▶ Material provided
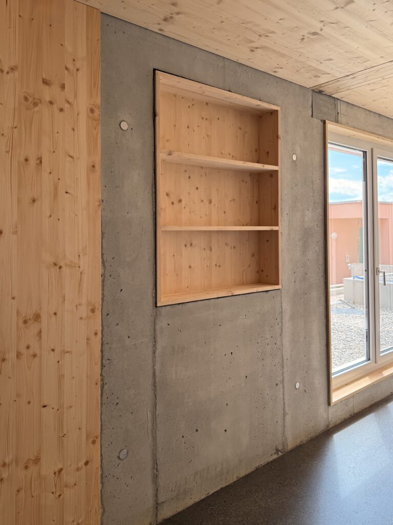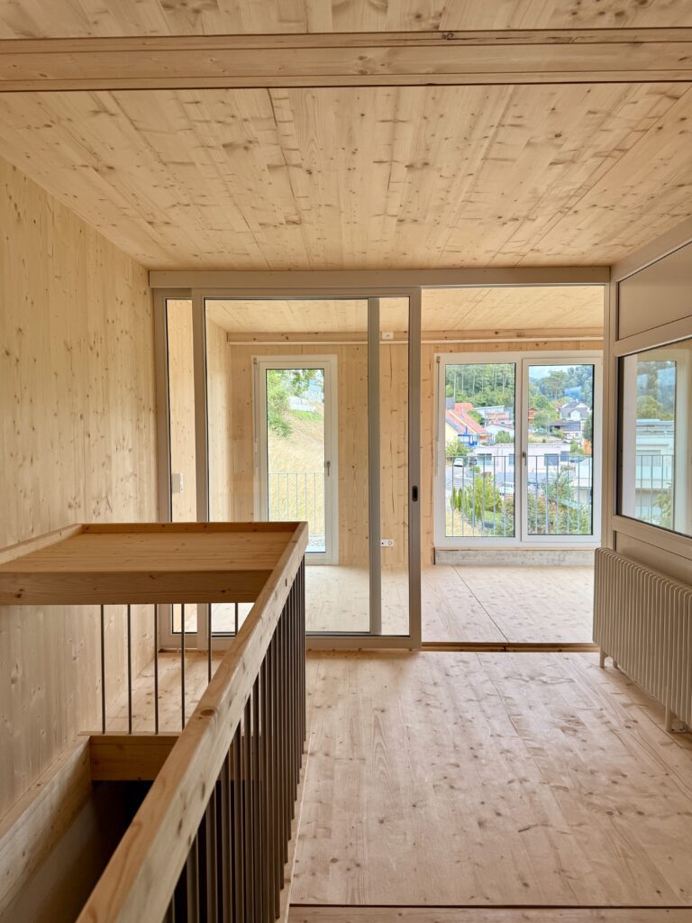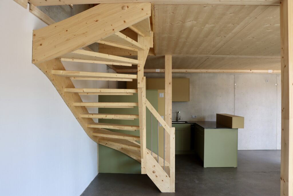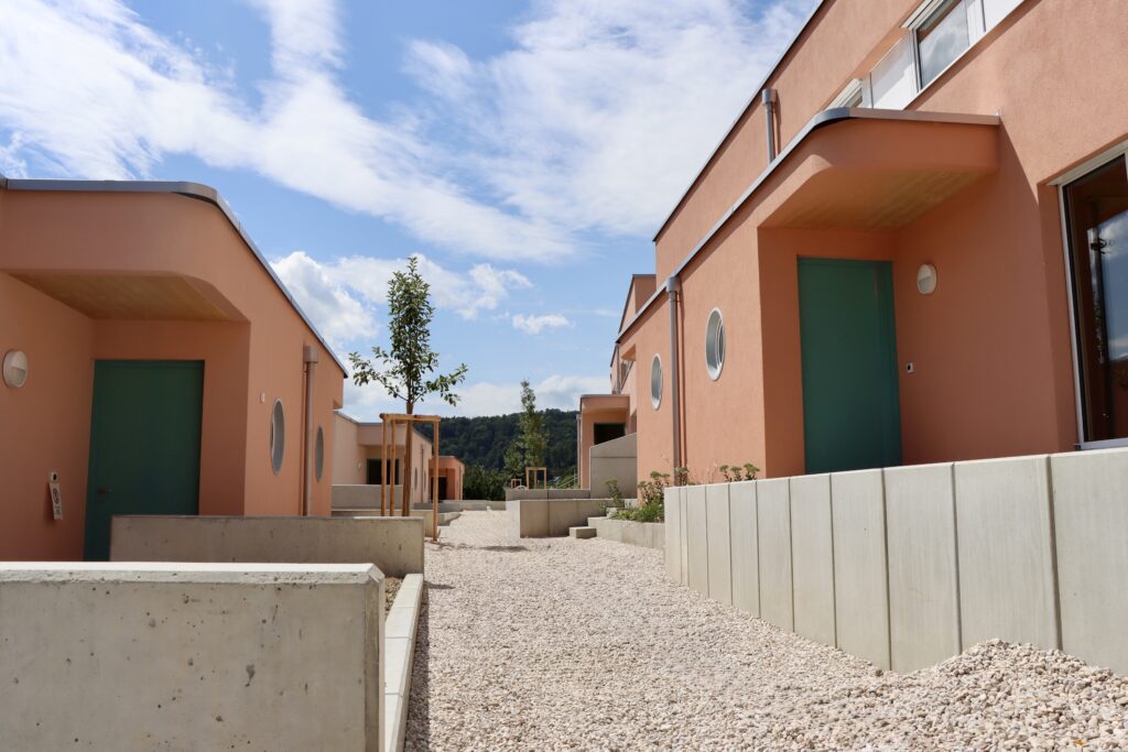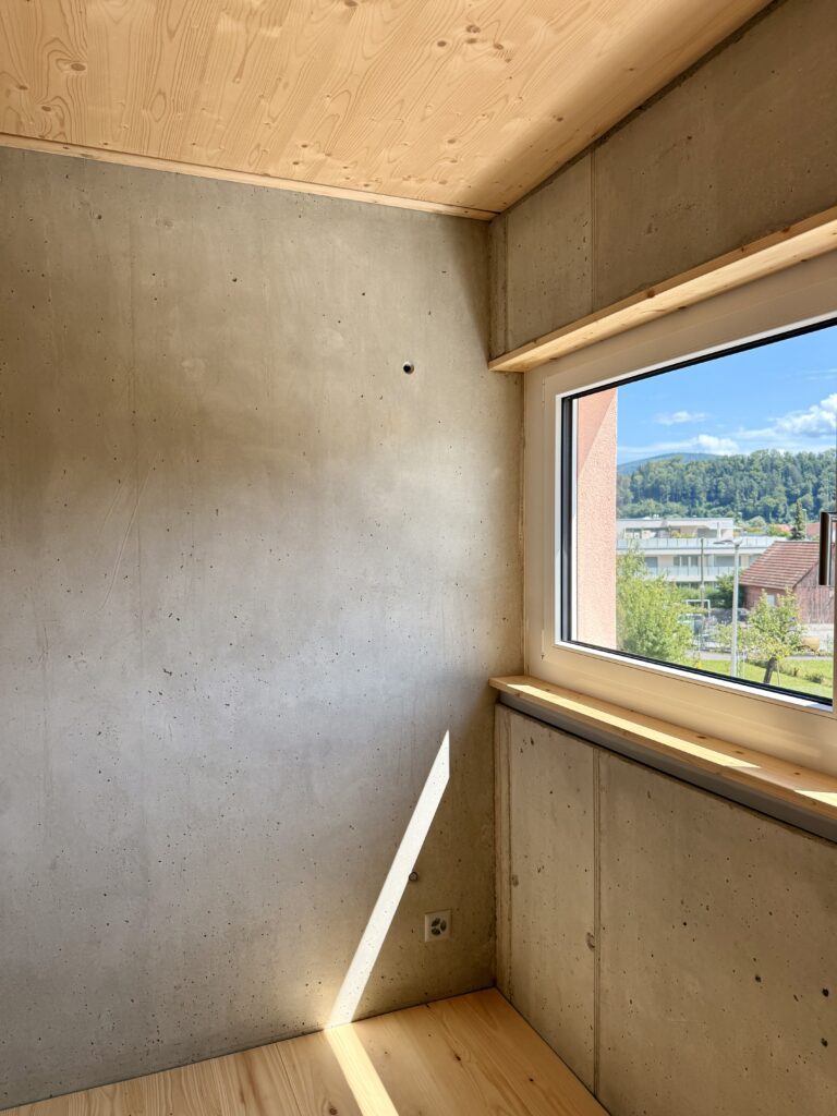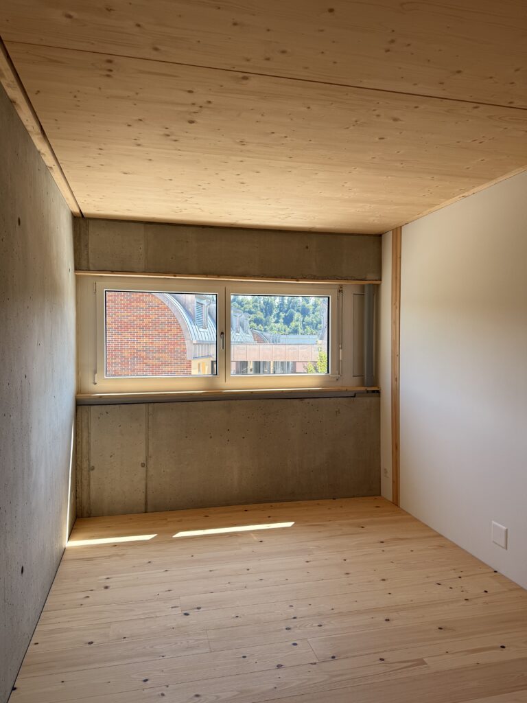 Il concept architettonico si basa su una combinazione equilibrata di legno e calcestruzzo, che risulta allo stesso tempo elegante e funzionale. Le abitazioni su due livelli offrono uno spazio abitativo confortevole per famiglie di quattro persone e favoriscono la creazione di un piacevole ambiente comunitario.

--

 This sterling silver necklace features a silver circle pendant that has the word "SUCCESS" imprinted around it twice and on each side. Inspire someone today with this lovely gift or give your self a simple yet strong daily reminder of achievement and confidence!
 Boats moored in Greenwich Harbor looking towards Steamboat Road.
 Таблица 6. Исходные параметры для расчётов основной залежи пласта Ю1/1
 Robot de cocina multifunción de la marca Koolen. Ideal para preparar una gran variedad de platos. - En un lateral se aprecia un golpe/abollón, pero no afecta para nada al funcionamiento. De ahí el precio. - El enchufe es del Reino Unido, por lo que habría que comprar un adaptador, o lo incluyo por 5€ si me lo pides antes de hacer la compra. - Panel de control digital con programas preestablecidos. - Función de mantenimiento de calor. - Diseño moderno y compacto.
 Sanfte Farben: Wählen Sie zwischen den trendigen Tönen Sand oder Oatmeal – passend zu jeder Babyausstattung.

...

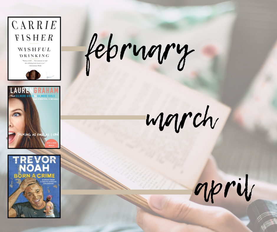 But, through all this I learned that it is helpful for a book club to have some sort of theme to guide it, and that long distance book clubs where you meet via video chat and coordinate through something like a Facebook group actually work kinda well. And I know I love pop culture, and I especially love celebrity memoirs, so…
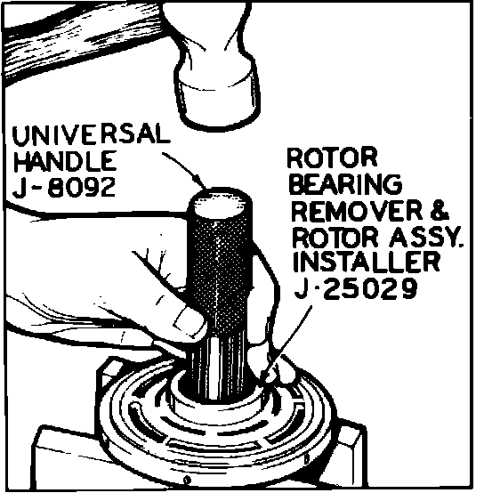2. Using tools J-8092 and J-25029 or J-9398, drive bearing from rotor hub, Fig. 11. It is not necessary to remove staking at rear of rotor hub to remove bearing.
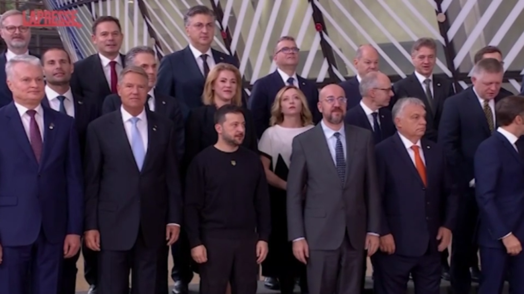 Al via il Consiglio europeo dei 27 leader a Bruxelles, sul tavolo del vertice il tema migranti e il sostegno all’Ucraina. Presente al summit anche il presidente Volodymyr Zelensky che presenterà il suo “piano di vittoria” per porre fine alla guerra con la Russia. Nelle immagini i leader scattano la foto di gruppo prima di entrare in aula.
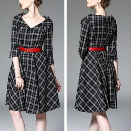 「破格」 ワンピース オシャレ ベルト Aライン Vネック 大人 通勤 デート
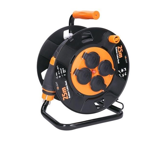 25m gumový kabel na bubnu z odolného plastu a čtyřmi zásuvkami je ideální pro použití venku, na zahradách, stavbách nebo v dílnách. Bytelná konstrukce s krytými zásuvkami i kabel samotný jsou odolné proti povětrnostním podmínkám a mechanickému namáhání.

▶ What the exercise asks
Nothing except the lines from the one containing "Vネック 大人 通勤 デート" through the one containing "25m gumový kabel" should appear in the answer, exactly as above and without pictures.

▶ Problem solution
 「破格」 ワンピース オシャレ ベルト Aライン Vネック 大人 通勤 デート
 25m gumový kabel na bubnu z odolného plastu a čtyřmi zásuvkami je ideální pro použití venku, na zahradách, stavbách nebo v dílnách. Bytelná konstrukce s krytými zásuvkami i kabel samotný jsou odolné proti povětrnostním podmínkám a mechanickému namáhání.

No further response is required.